It means a great deal to me today to be standing before you as President of SLSA. I welcome all of you, especially those who are coming to SLSA for the first time. I hope you will find in this meeting an inspiring, supportive network of minds that will help you to create exciting work.

Before we get down to business, I would like to offer some perspective on what SLSA is, has been, and can be. Since I attended my first conference as a graduate student in 1988 (the unforgettable Albany meeting), I have experienced SLSA as an enabling and nurturing base of friendships. When SLSA began in the mid-1980s, many of us were the geeks, freaks, nerds, and weirdos of our departments. Gillian Beer and Kate Hayles were reading literature and science in parallel, but in most literature departments, it was a rather shocking thing to do. People tended to get tenure in spite of it rather than because of it, and meetings of the then Society for Literature and Science were our only place to bond with others like ourselves. The situation was even worse for scientists who wanted to study literature—at that time, publishing essays on novels could undermine their reputations as serious researchers.

But as in the narratives we love, the nerds triumphed in the end. Research that compares scientific, artistic, and literary creativity is now celebrated, even expected—at least, relative to the days of LP’s, shoulder pads, and big hair. Accordingly, the role of SLSA is shifting from pioneering to leadership, and I have confidence that the cerebral energy in this room can help guide and support young scholars for whom combining science and the arts is like breathing.

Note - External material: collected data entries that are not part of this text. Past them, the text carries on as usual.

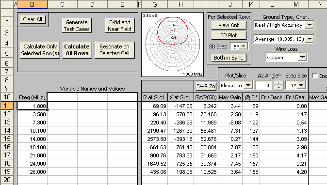 Then I set up and ran a series of AutoEZ test cases. This is a portion of the AutoEZ 'Calculate' sheet tab. Elevation plots are being requested. Note that the max gain, 7.87 dBi, happens at 18.1 MHz, at least for the 0 degrees azimuth angle at which the elevation plots were calculated.
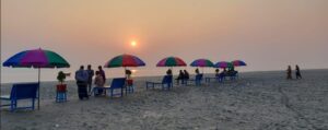 সরেজমিনে গিয়ে দেখা যায়, এই রেস্টুরেন্টের সামনে দিয়ে সারিবদ্ধভাবে দেয়া হয়েছে রঙ বেরঙের পাতকা। প্রতিটি পতাকার নিচে সী বিচের আদৌলে বসানো হয়েছে কাঠের তৈরি কিটকট (চেয়ার)। এতে করে প্রতিদিন বিকেলেই দর্শনার্থীরা ছুটে আসছে এই কালিতলা পদ্মাপাড়ে। তবে সপ্তাহের অন্যান্য দিনের চেয়ে শুক্র এবং শনিবারে সবচেয়ে বেশি ভিড় জমে স্থানটিতে। বিকেল হতে না হতেই মোটরসাইকেল, ইজিবাইক, প্রাইভেটকারসহ বিভিন্ন যানবাহনে এখানে দূরদূরান্ত থেকে দর্শনার্থীদের আগমন ঘটে। দর্শনার্থীদর পদাচারণায় প্রত্যন্ত গ্রামাঞ্চলের এই পদ্মা বিচ যেন রূপ নিয়েছে অনেকটাই কক্সবাজার কিংবা কুয়াকাটা সমুদ্র সৈকতের মতোই।
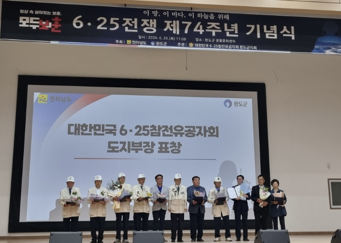 ‘이 땅, 이 바다, 이 하늘을 위해’라는 주제로 열린 이날 기념식에는 이상심 전남도 보건복지국장, 김현철 완도부군수, 보훈단체장, 참전용사 등 250여 명이 참석했다.
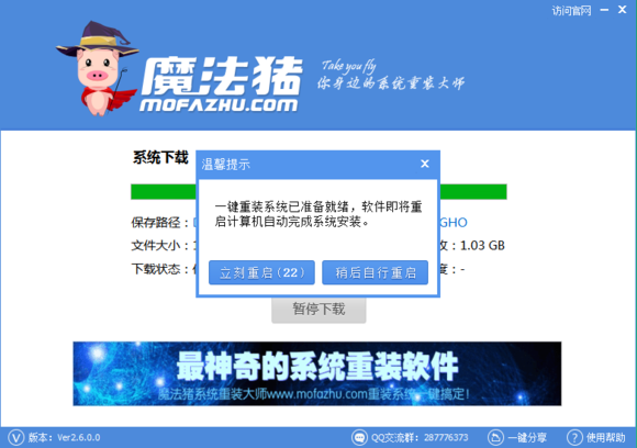 4.待windows7系统下载完毕后,魔法猪一键重装工具会提示您“一键重装系统已准备就绪,软件即将重启计算机自动完成系统安装”,点击立刻重启即可。如图四
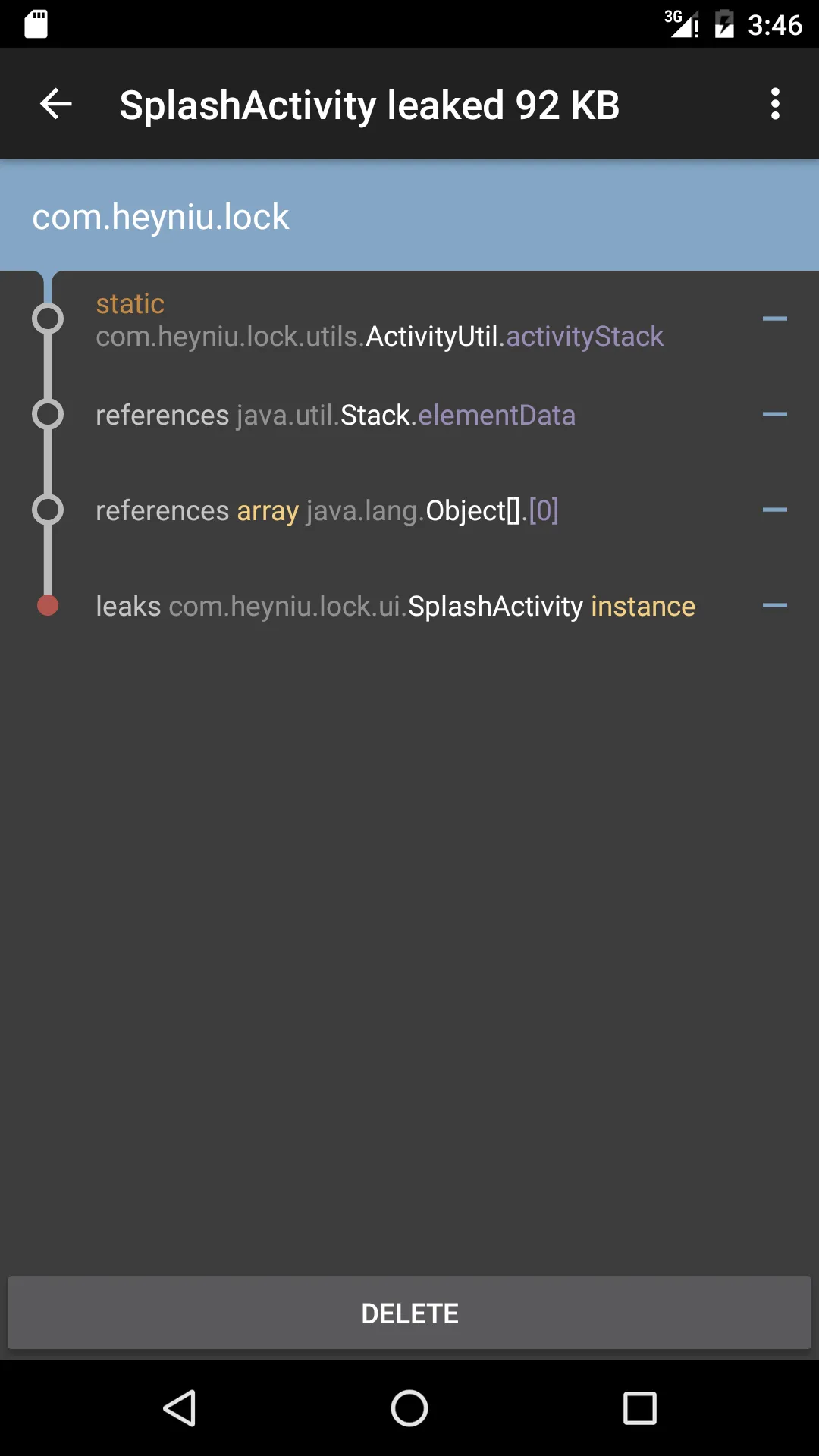 分析:通过截图我们发现 SplashActivity 被 ActivityUtil 的实例 activityStack 持有 引用代码:
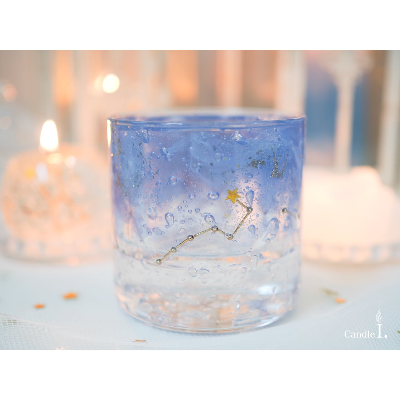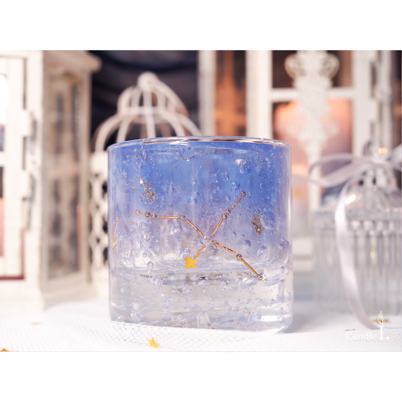 "なくなってしまうのがもったいなくて灯せない"というお声をいただき、星座キャンドルシリーズのランタンタイプを制作しました☆
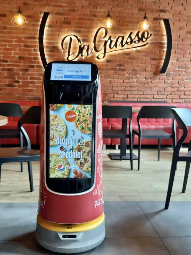 继普渡机器人与波兰壳牌、必胜客等达成合作,波兰又一家披萨品牌连锁店Da Grasso也引入了普渡机器人成员之一的配送迎宾机器人“葫芦”。
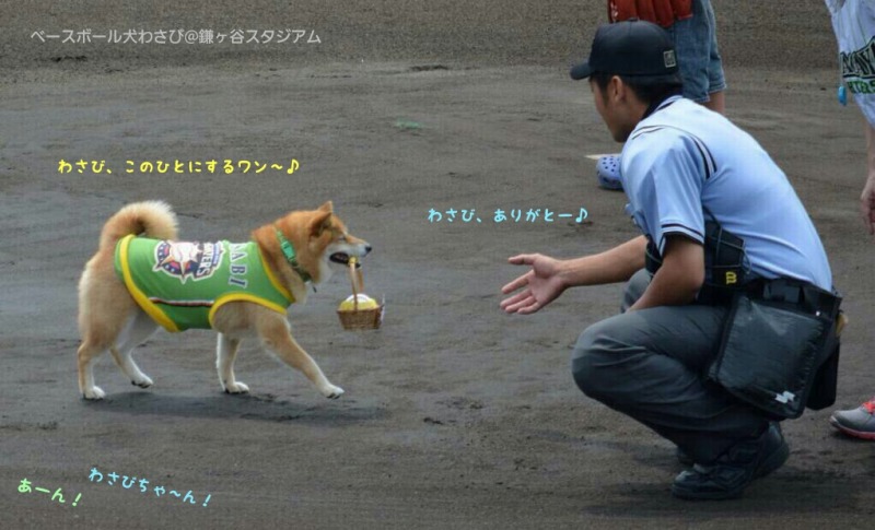 と球審さんにも、なでなでもふもふ してもらうわさび ↓↓↓

I trust this group to lead because in my 25 years in SLSA, I have observed our open-mindedness and willingness to embrace new fields of learning as they emerge. The decision to include artists in the society and the work of Marcel O’Gorman, Dennis Summers, and many others to make art exhibits part of SLSA meetings have expanded our understanding of what new knowledge can be. I have always looked forward to SLSA meetings as a place of learning and of the high-speed evolution of thought and language, as chaos theory morphed to non-linear dynamics, and then to complexity. It has helped all of us to embrace the ideas emerging from media theory, digital scholarship, eco-criticism, and animal studies, about what it means to be alive on this planet and to build meaningful knowledge. We are a youthful society—in our bodies and/or in our spirits—if youth can be taken to mean excitement about intellectual change. We are nerds who excite one another, and we are nerds who dance.

Before I get carried away, I would like to thank Laura Walls, Ron Broglio, Notre Dame University, and everyone on the support team who has made this conference possible. I hope that some of the people new to SLSA will be inspired enough by this conference to consider helping to plan a meeting in the future—it is a labor of love. And now, on to business. 

Financial Statement: Carol Colatrella presented the annual financial statement, including membership statistics, a list of donors, and the names of those individuals awarded travel subsidies to attend the meeting. The society has approximately $134,000 in its accounts as of September 30, 2013.

Configurations Editors: Melissa Littlefield and Rajani Sudan reported that since January 2013 they had coordinated review of more than one hundred submissions (41 submitted before their becoming editors and 65 new ones) and that the average turn-around time from when they receive a submission to when an author hears whether it is accepted or not is about two months. Melissa and Rajani thanked Bob Markley and Ron Schleifer for their work on the journal and acknowledged the contributions of Book Review Editor Allison Dushane and Editorial Assistants Matt Adamson (UIUC) and Katie Bakenau (SMU). The journal editors have asked members interested in reviewing articles for the journal to email them at configurations@smu.edu

Publications Committee: Members Ron Schleifer, Susan Squier, and Anne Pollock and VP Robert Markley will investigate establishing a new SLSA book series with a press.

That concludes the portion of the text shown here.